## Dataset section
-- Opening Marker --
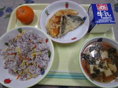 牛乳 ご飯 いわしのかば焼き 磯香和え かきたま汁
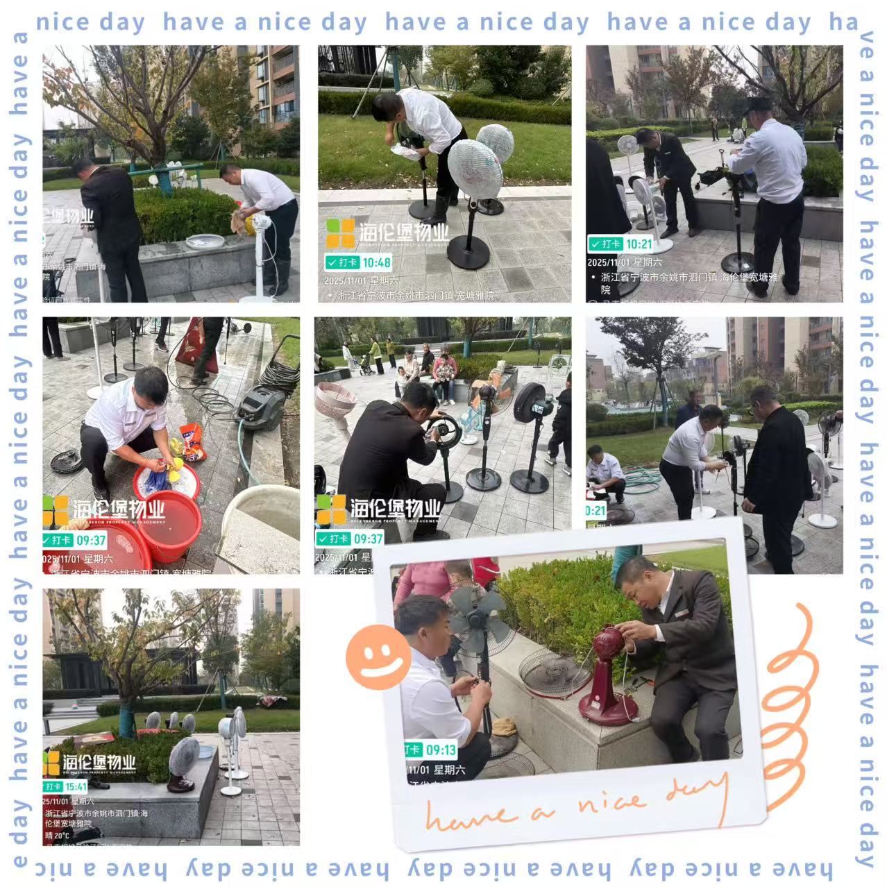 海伦堡物业:风扇清洗暖人心,秋风送爽谢温情
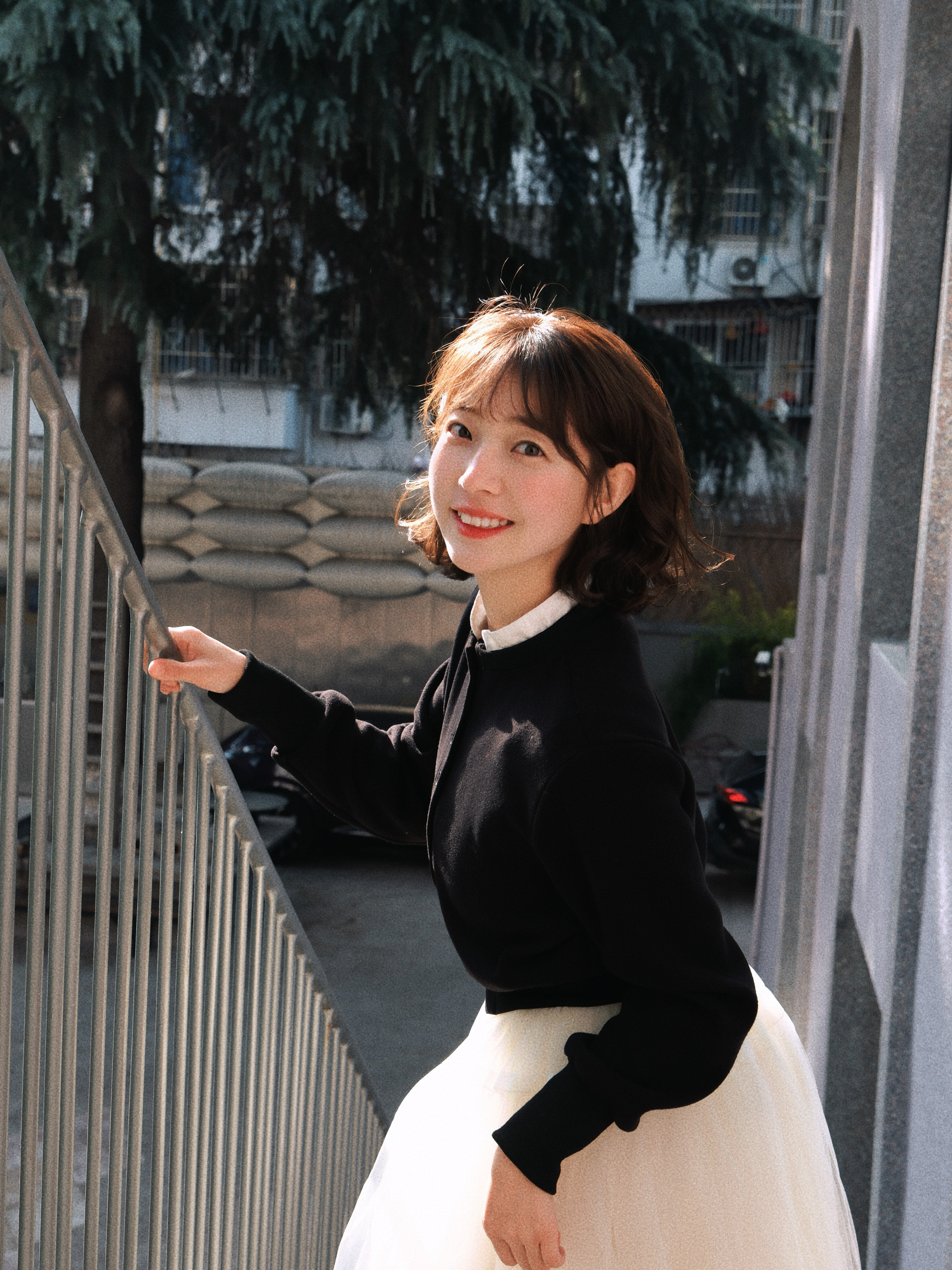 BONNIE《迪士尼在逃公主》气质黑白穿搭带假领全棉上衣公主蓬蓬裙
-- Closing Marker --
## Assignment
Could you return, word for word, every line from the line with "海伦堡物业:风扇清洗暖人心,秋风送爽谢温情" through the last line of the listing above, both ends included, without any pictures?

## Written reply
 海伦堡物业:风扇清洗暖人心,秋风送爽谢温情
 BONNIE《迪士尼在逃公主》气质黑白穿搭带假领全棉上衣公主蓬蓬裙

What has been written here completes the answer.